Action item – Pictures appear among the records below and must be omitted. Repeat exactly the lines from the line with "4 Pack Qtip" to the line with "SEOUL, South Korea", both included.

Dataset entries

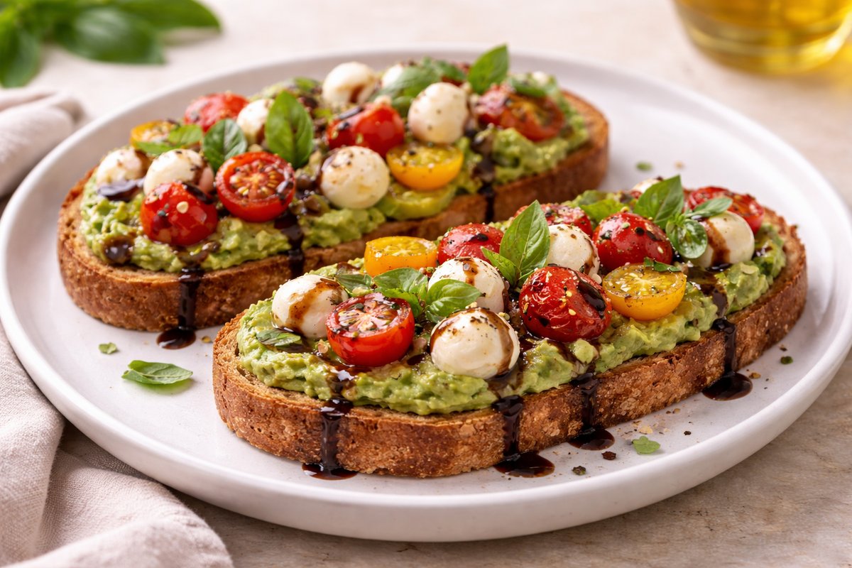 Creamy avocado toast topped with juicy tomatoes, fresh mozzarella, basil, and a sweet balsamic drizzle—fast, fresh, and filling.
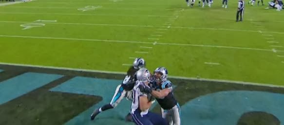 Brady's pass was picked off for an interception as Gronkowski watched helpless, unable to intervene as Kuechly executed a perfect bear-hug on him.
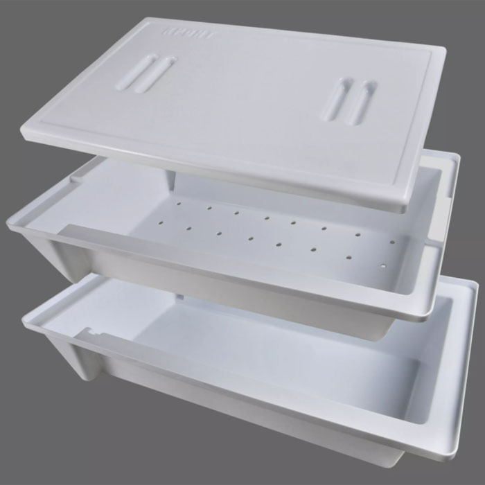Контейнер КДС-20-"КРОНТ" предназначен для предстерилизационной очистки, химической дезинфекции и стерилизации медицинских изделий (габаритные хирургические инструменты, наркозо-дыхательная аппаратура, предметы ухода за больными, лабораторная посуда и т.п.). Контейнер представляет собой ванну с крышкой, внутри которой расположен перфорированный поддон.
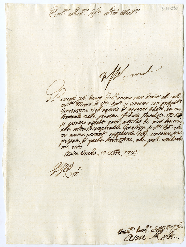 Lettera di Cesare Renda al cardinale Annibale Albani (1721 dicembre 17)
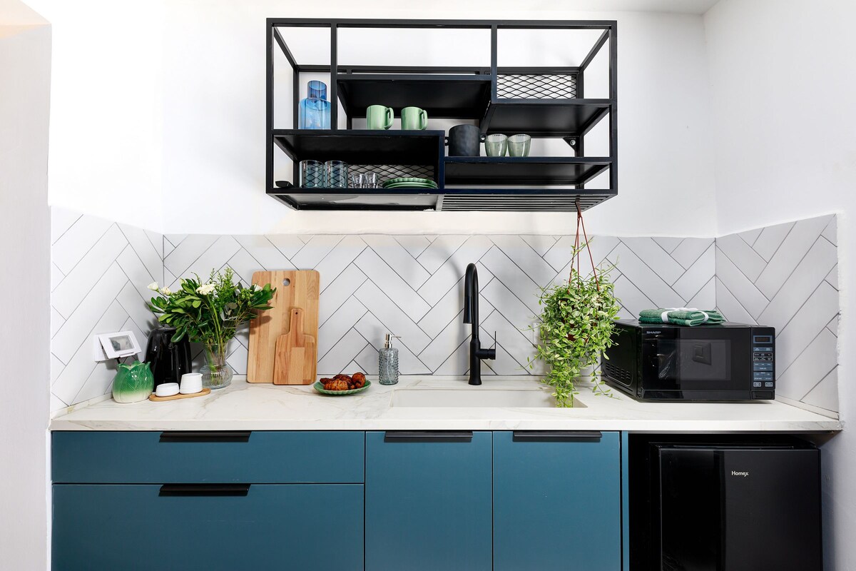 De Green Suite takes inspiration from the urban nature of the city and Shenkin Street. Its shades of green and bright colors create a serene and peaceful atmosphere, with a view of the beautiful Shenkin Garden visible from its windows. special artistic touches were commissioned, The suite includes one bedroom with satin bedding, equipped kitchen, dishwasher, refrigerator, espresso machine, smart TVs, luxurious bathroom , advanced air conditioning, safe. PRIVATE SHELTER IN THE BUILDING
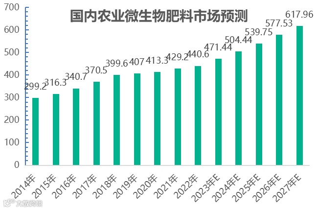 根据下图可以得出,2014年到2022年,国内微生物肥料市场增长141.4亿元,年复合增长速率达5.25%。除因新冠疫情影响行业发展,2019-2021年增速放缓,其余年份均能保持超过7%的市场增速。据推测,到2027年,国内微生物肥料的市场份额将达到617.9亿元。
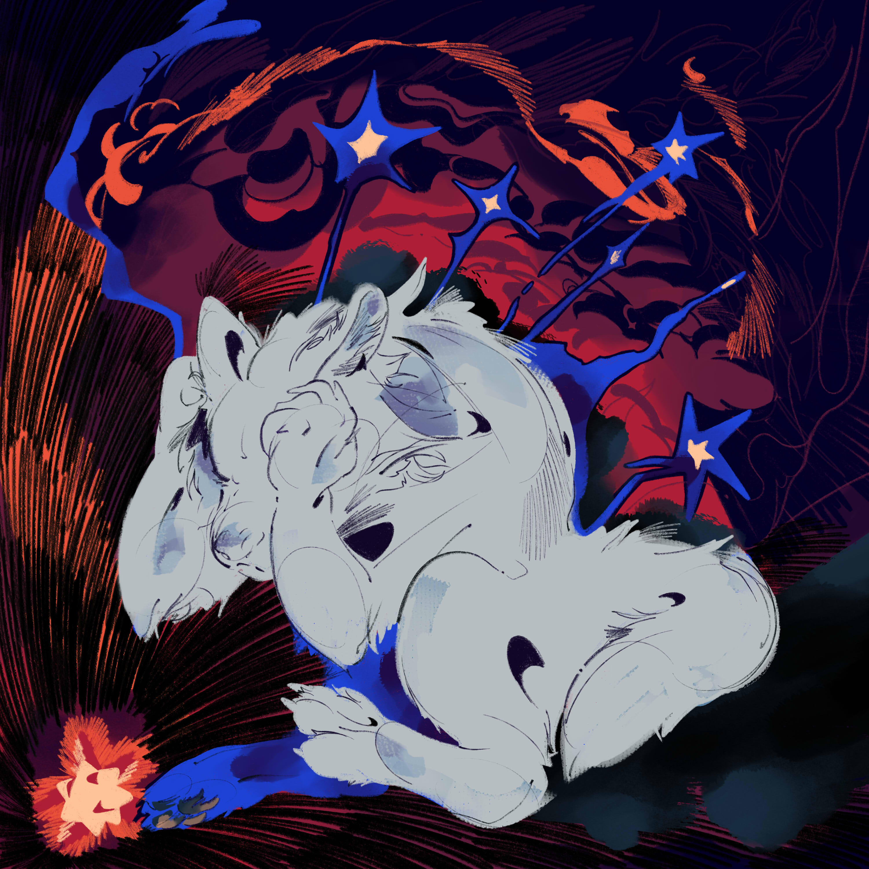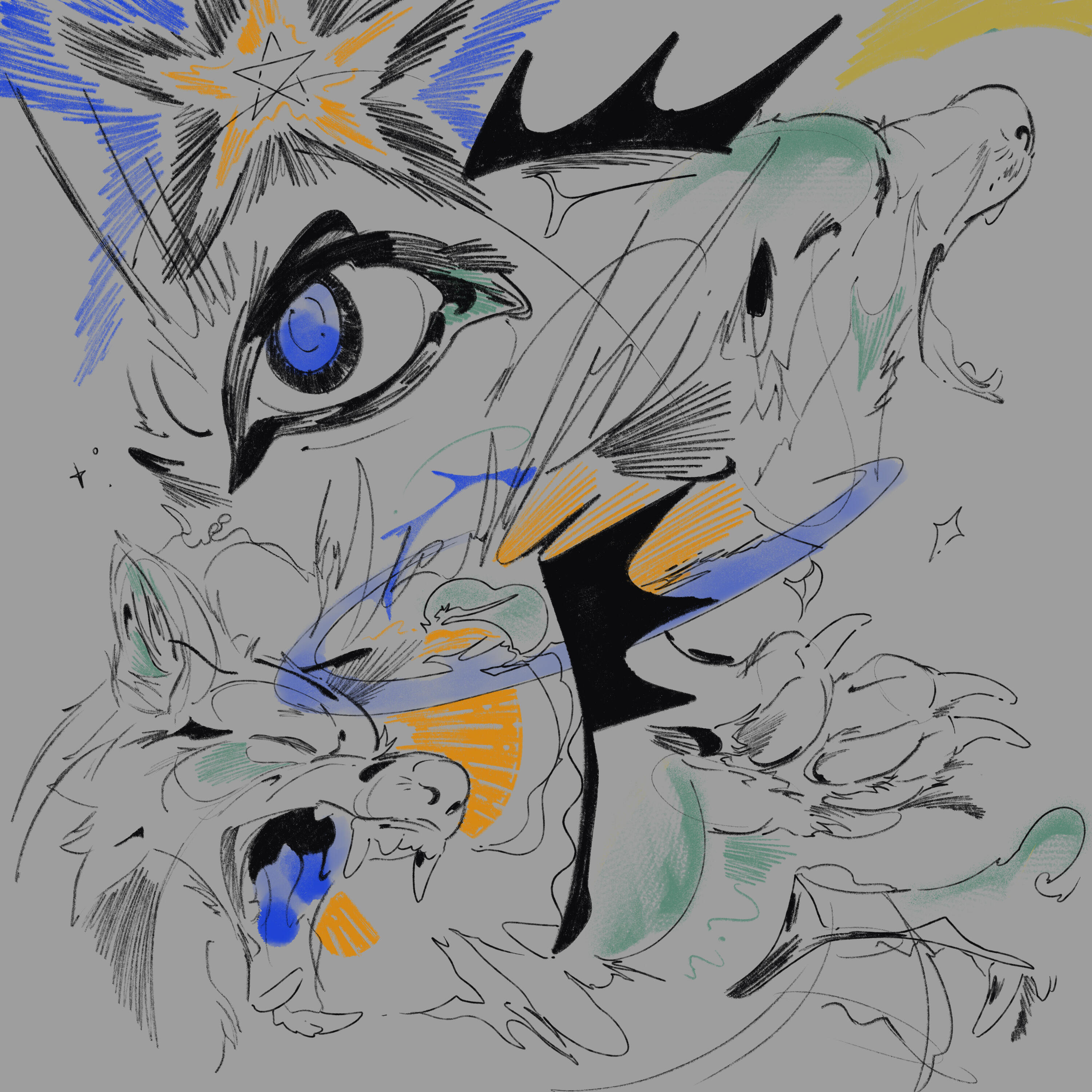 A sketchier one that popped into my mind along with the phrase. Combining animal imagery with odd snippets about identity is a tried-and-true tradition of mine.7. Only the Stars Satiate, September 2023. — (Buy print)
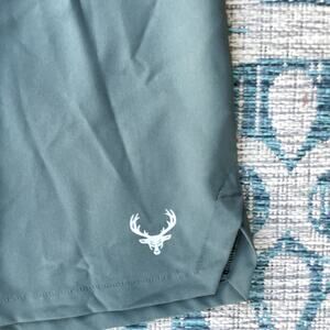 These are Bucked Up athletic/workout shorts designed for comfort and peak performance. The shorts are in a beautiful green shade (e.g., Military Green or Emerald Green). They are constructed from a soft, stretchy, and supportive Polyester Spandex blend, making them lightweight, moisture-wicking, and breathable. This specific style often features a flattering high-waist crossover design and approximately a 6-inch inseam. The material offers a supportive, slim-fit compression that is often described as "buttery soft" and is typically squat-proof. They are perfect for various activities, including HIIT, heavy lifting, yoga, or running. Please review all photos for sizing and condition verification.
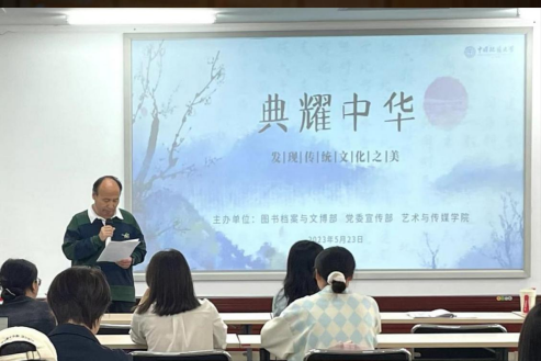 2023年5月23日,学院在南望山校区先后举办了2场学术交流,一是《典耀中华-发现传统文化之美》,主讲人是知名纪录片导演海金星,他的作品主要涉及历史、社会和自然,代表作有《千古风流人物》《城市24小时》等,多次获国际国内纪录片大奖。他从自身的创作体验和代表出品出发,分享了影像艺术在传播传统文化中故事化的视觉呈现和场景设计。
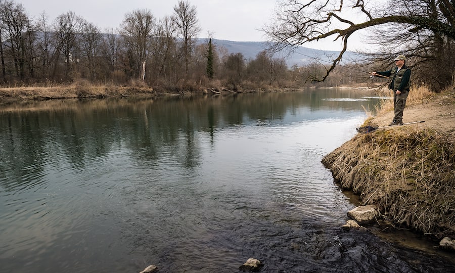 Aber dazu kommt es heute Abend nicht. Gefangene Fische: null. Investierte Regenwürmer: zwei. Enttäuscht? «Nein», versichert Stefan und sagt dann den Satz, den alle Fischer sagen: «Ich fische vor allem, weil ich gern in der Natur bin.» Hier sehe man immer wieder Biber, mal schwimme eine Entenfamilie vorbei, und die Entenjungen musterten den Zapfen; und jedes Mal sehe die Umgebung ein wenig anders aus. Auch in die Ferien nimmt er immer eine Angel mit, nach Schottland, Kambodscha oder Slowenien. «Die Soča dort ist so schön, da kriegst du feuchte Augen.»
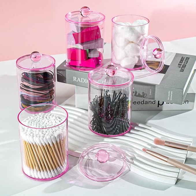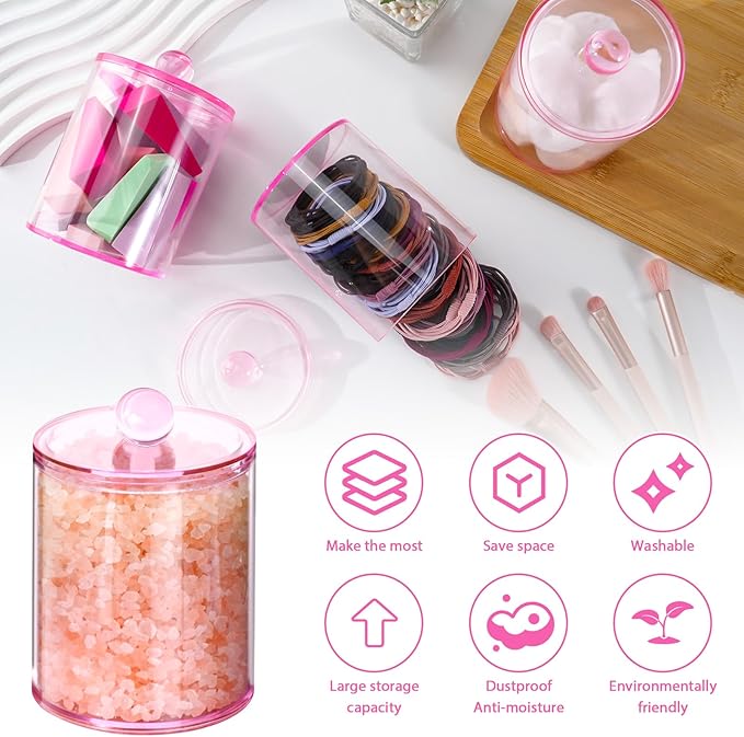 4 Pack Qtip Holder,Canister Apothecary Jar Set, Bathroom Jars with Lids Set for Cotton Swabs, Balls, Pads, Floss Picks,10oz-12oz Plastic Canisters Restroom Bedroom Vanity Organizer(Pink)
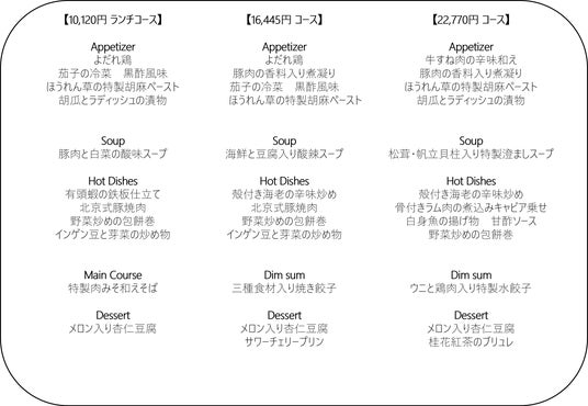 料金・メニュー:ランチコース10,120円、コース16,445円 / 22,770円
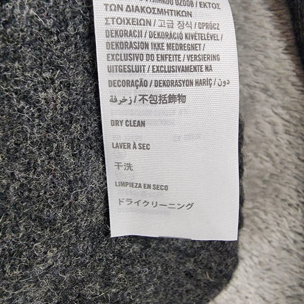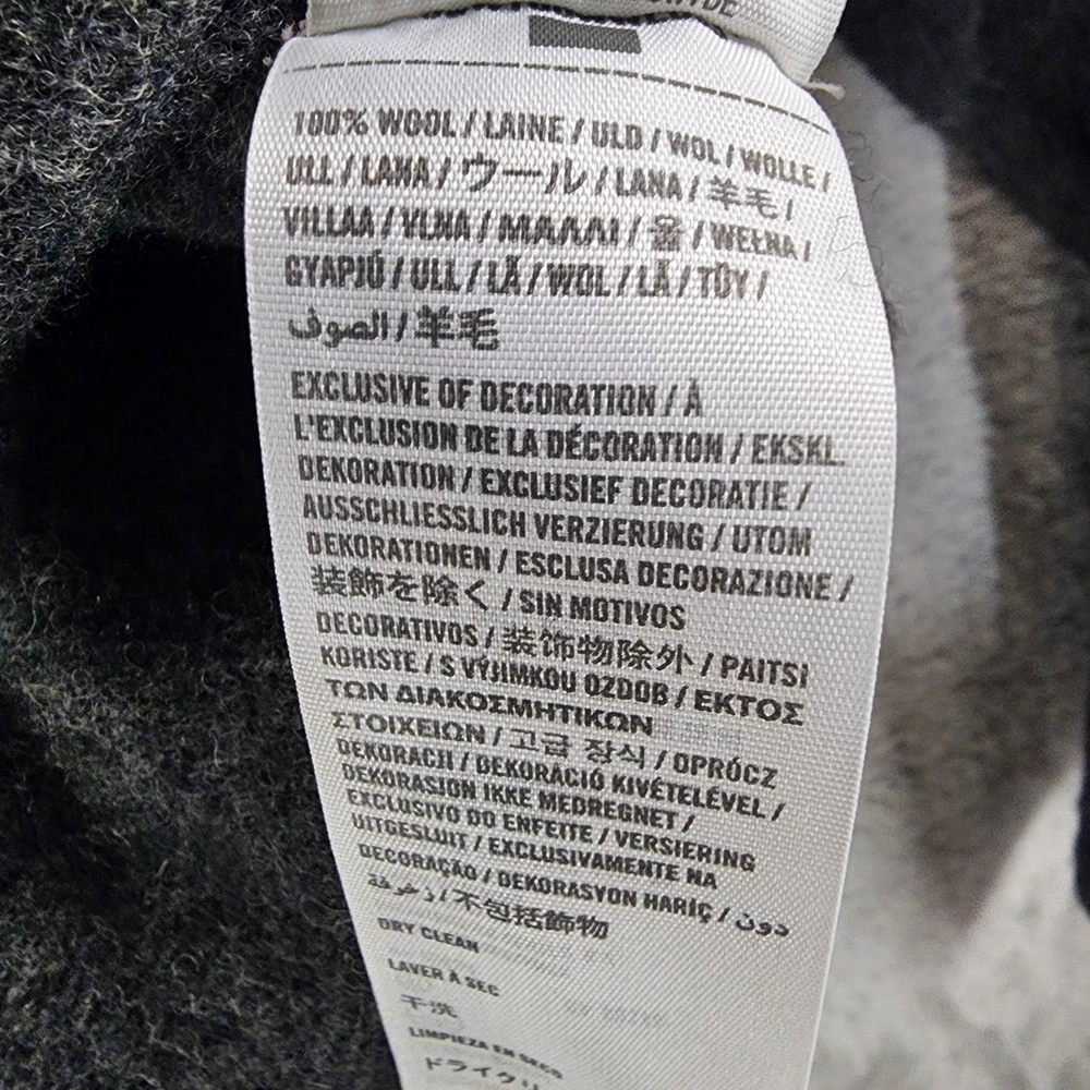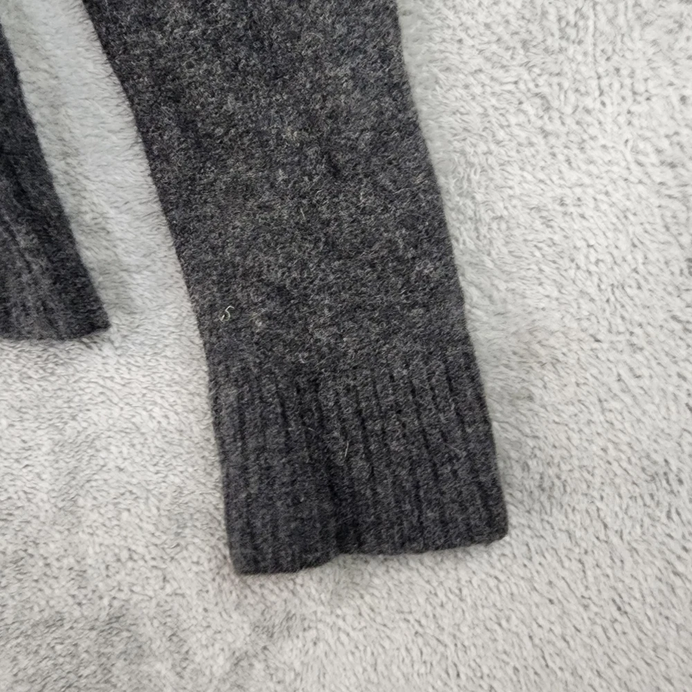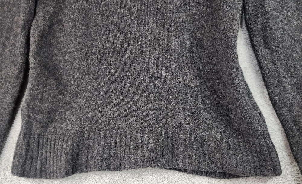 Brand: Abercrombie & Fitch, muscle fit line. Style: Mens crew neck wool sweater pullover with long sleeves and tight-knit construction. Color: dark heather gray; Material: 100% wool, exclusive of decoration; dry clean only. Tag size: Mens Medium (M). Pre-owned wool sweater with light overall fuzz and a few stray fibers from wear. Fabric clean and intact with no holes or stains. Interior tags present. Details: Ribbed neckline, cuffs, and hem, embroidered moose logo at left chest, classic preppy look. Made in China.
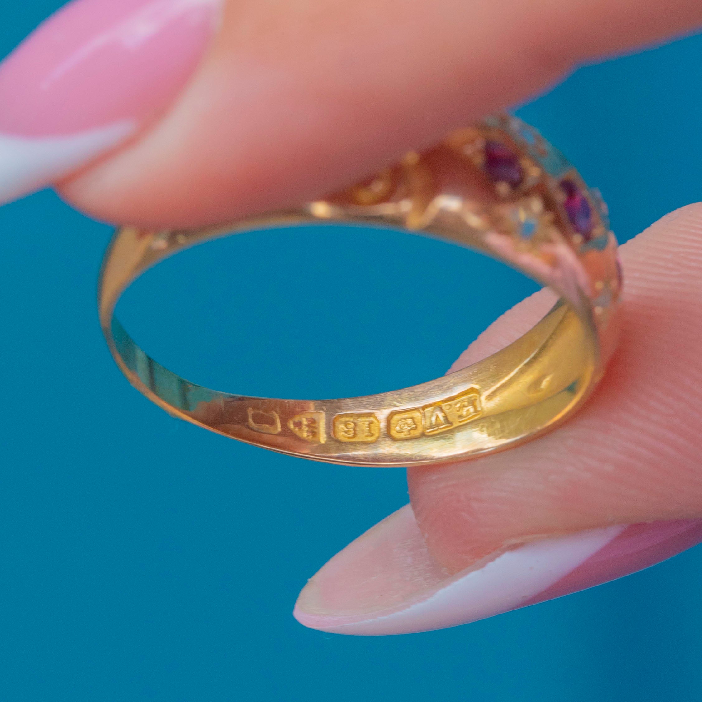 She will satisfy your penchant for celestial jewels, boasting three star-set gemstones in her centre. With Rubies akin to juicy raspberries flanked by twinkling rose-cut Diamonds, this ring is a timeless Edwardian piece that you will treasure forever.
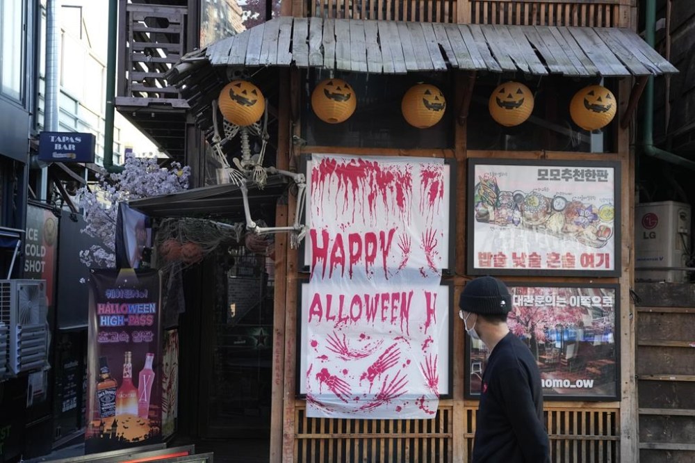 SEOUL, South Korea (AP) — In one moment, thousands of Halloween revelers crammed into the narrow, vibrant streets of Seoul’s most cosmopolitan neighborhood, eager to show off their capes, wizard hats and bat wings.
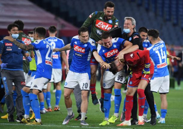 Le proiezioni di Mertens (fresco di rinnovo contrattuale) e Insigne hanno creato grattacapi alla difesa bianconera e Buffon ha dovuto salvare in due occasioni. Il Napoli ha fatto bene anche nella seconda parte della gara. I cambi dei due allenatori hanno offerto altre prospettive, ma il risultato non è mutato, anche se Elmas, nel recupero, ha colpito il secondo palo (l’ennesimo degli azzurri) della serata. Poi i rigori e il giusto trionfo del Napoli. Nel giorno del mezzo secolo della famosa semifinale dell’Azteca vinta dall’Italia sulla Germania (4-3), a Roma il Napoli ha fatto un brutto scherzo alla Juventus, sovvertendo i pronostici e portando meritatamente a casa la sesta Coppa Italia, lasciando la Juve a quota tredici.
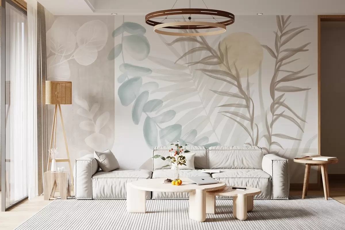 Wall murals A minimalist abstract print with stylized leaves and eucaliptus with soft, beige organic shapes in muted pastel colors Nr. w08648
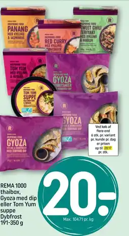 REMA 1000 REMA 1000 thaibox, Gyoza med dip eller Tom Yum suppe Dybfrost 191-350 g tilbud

Result –
 4 Pack Qtip Holder,Canister Apothecary Jar Set, Bathroom Jars with Lids Set for Cotton Swabs, Balls, Pads, Floss Picks,10oz-12oz Plastic Canisters Restroom Bedroom Vanity Organizer(Pink)
 料金・メニュー:ランチコース10,120円、コース16,445円 / 22,770円
 Brand: Abercrombie & Fitch, muscle fit line. Style: Mens crew neck wool sweater pullover with long sleeves and tight-knit construction. Color: dark heather gray; Material: 100% wool, exclusive of decoration; dry clean only. Tag size: Mens Medium (M). Pre-owned wool sweater with light overall fuzz and a few stray fibers from wear. Fabric clean and intact with no holes or stains. Interior tags present. Details: Ribbed neckline, cuffs, and hem, embroidered moose logo at left chest, classic preppy look. Made in China.
 She will satisfy your penchant for celestial jewels, boasting three star-set gemstones in her centre. With Rubies akin to juicy raspberries flanked by twinkling rose-cut Diamonds, this ring is a timeless Edwardian piece that you will treasure forever.
 SEOUL, South Korea (AP) — In one moment, thousands of Halloween revelers crammed into the narrow, vibrant streets of Seoul’s most cosmopolitan neighborhood, eager to show off their capes, wizard hats and bat wings.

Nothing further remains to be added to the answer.